It’s the 1840s. Rival astronomers in Britain and France separately toil away in their notebooks, fiercely guarding their calculations of just where a planet beyond Uranus might be hiding, hoping that they and their country will get the glory for finding it. When telescopes finally spot Neptune, the discovery leads to decades of debate over primacy, and scouring each man’s private data to determine who deserved the most credit.
Fast forward to the 21st century: Rivalries may have changed, but in the hunt for new planets—especially becoming the first to detect a new world like our own in a distant star system—defending one’s data to lay claim to discovery has not gone away.
This week the team behind NASA’s planet-hunting space telescope, Kepler, announced that it has found more than 700 new candidates for exoplanets. Given that the current tally of known planets beyond our solar system stands near 460, that’s a huge announcement. But what’s drawn some attention is that more than half of the candidates won’t be released publicly at this time. These include smallest planet candidates—those closest to our own world in size—which won’t be officially announced until February 2011.
It’s no secret why:
“The first astronomer who can prove they found an Earthlike planet around an Earthlike star will win many kudos and prizes,” said John Huchra of the Harvard-Smithsonian Center for Astrophysics, who led a NASA advisory committee that approved the deal. “It’s glory for NASA,” he added.“NASA would like to have one of its missions find an Earthlike planet” [The New York Times].
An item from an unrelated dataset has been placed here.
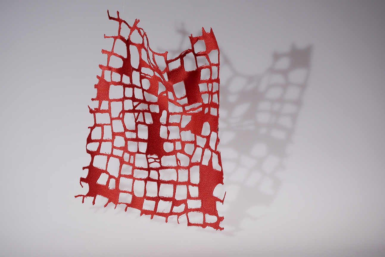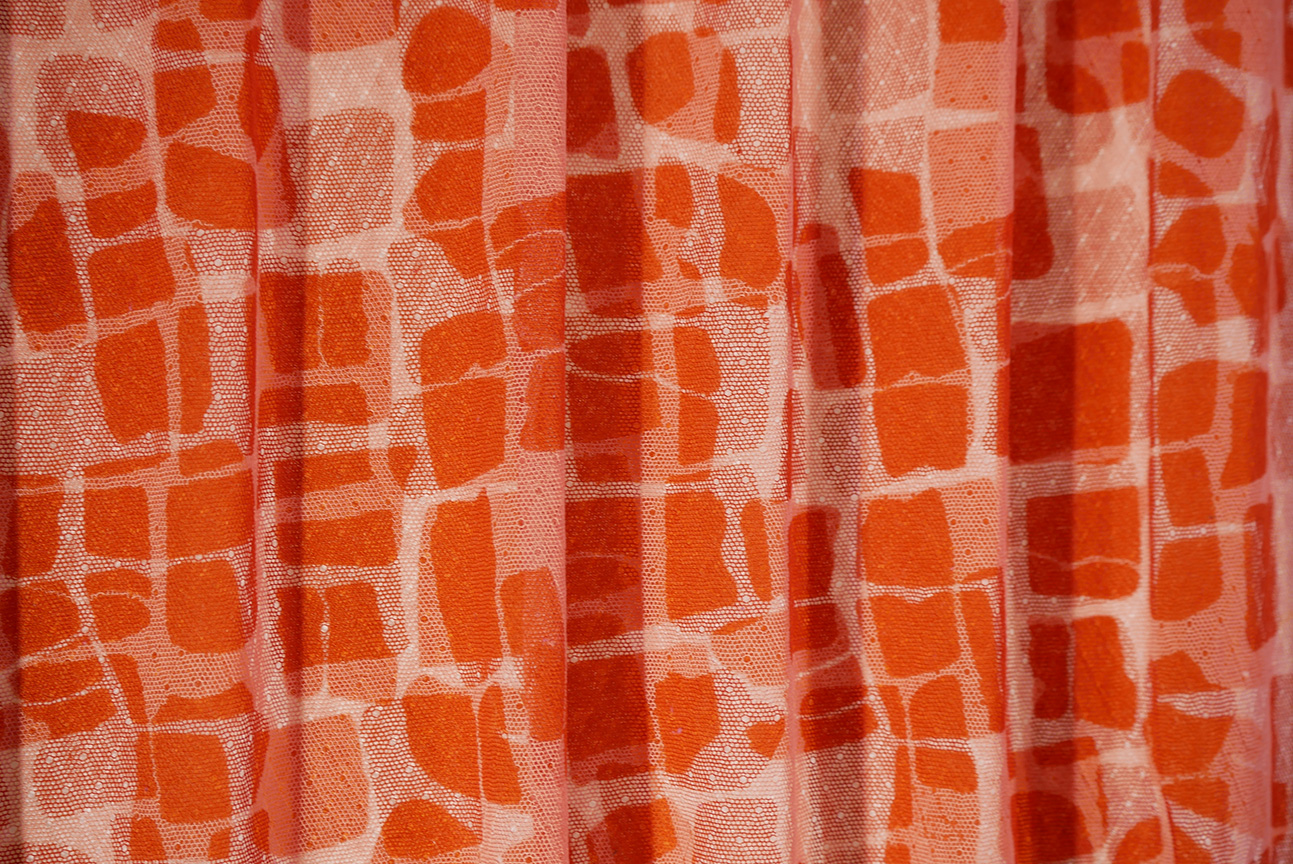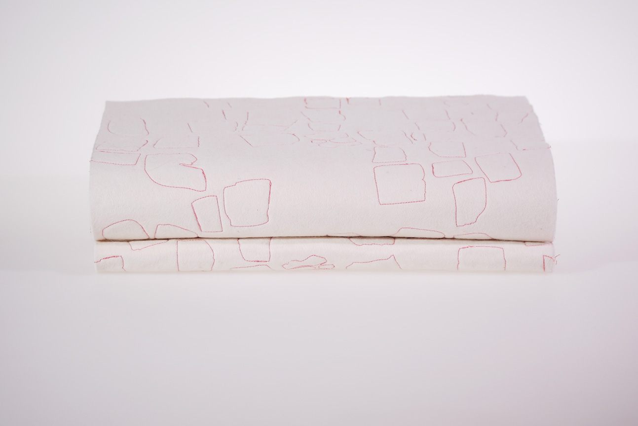 In dem Projekt Zwischentöne werden die vielseitigen Strukturen der Pflastersteine neu interpretiert und ins Textile Übersetzt. Der ausgangsfarbstoff Krapp verleiht dem Projekt eine Farbpalette in warmen, erdigen Rosa bis Rottönen. Mit den Techniken Siebdruck und Stickerei wird versucht, das unscheinbare zwischen den Steinen erfahrbar zu machen.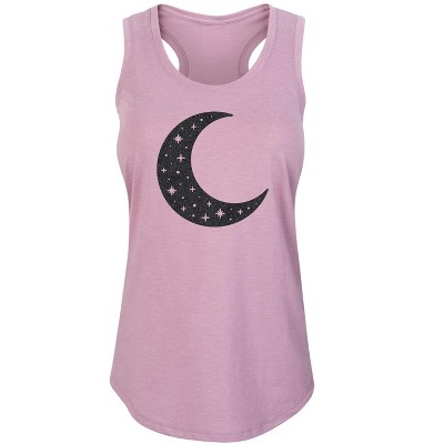 Women's - Instant Message - Crescent Moon Stars BLACK GLITTER Graphic Racerback Tank

Given all the time and effort that went into developing Kepler, most astronomers seem to be all right with the team taking its time to analyze its data and get the credit they deserve. The best viewing time to confirm many of them as true exoplanets will take place over this summer. But given the tantalizing contents of Kepler’s catalog and the potential for finding an Earth-like planet it shouldn’t be surprising if people get impatient to have their own look.
The typical planet identified by transit observations (the method used by Kepler) was about 13 Re [Earth radii]. The data that has been released includes about 100 planets that are somewhere between two and four Earth radii—and that’s excluding up to 400 smaller objects [Ars Technica].
In the meantime, those planets Kepler scientists have now publicized should provide fodder for curious stargazers. One new paper says that five stars the telescope studied have multiple exoplanets in orbit. Also, Europe’s CoRoT Space Telescope has added six new giant exoplanets to its own tally, and even spotted a brown dwarf.
Perhaps more eyes would speed up the search for a second Earth. However, it’s hard to blame the Kepler scientists for trying to avoid the claim-to-fame wars of the past.